## Required work:
Every line from the one holding "民天福建福州民天中华老字号国" through the one holding "The design culminates" in the data below must be returned exactly, both ends included, with pictures left out and nothing else added.

## Data:
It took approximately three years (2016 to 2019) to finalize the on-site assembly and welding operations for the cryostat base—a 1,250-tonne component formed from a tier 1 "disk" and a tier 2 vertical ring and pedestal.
...
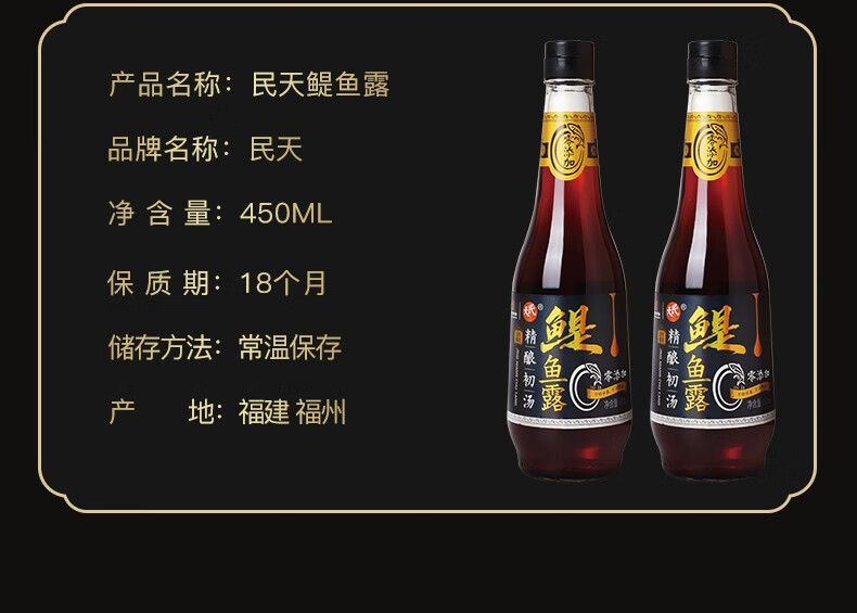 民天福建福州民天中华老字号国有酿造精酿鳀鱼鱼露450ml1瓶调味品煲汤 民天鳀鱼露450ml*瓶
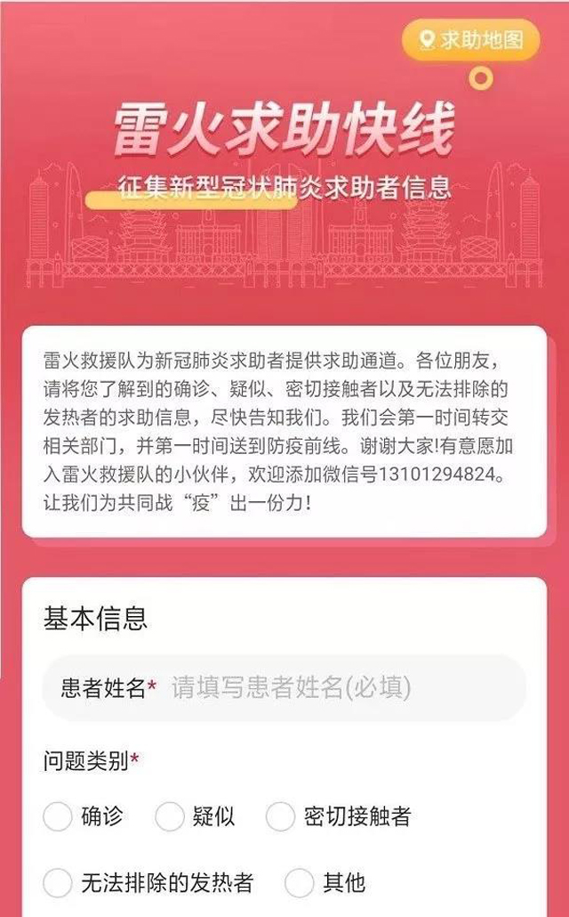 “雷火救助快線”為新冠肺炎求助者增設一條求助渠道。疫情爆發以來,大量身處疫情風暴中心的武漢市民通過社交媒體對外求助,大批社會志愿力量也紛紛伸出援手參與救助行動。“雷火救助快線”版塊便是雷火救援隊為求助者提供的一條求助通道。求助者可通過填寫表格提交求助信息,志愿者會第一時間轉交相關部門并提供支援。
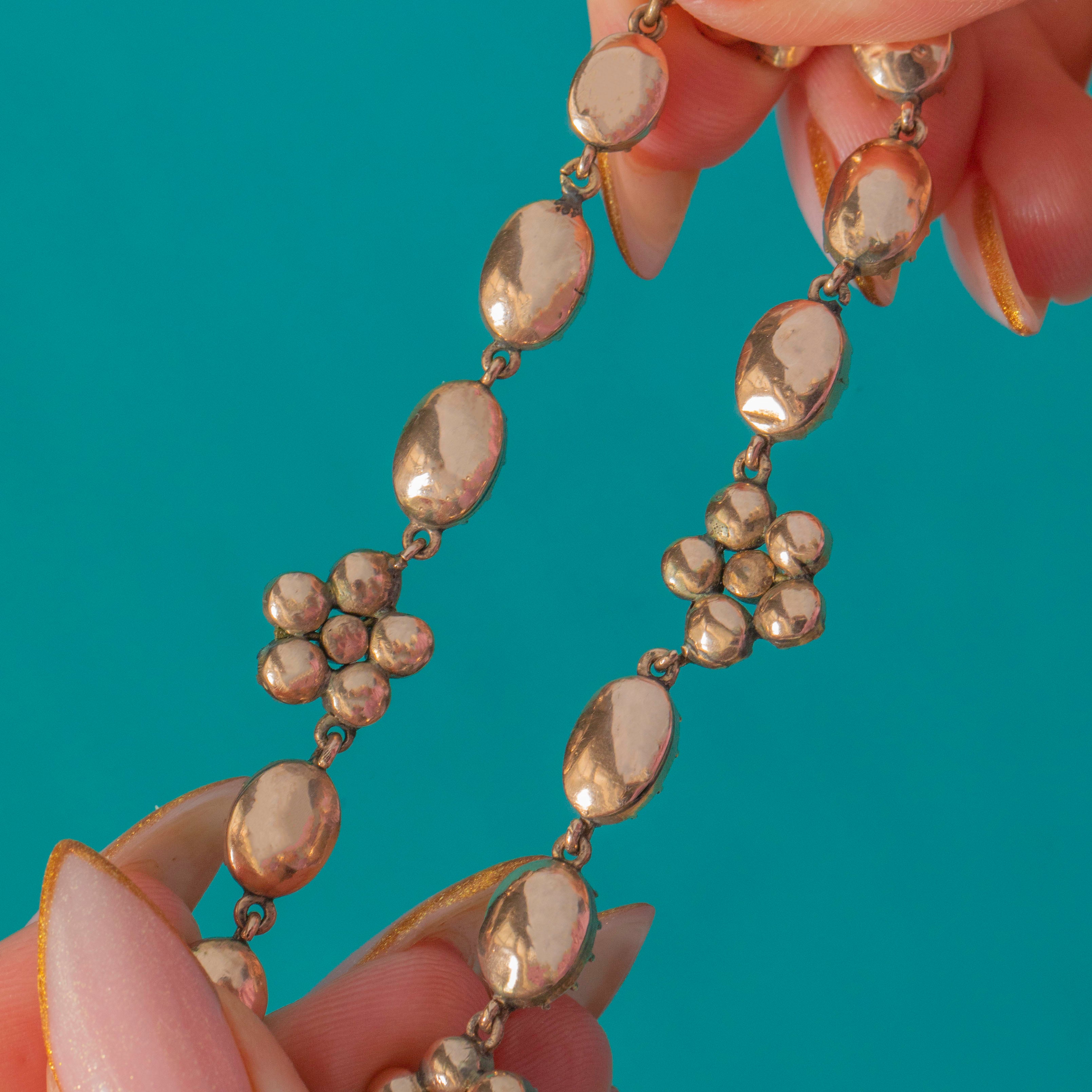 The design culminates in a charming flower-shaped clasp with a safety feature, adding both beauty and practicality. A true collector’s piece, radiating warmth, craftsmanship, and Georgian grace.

## Exercise result:
 民天福建福州民天中华老字号国有酿造精酿鳀鱼鱼露450ml1瓶调味品煲汤 民天鳀鱼露450ml*瓶
 “雷火救助快線”為新冠肺炎求助者增設一條求助渠道。疫情爆發以來,大量身處疫情風暴中心的武漢市民通過社交媒體對外求助,大批社會志愿力量也紛紛伸出援手參與救助行動。“雷火救助快線”版塊便是雷火救援隊為求助者提供的一條求助通道。求助者可通過填寫表格提交求助信息,志愿者會第一時間轉交相關部門并提供支援。
 The design culminates in a charming flower-shaped clasp with a safety feature, adding both beauty and practicality. A true collector’s piece, radiating warmth, craftsmanship, and Georgian grace.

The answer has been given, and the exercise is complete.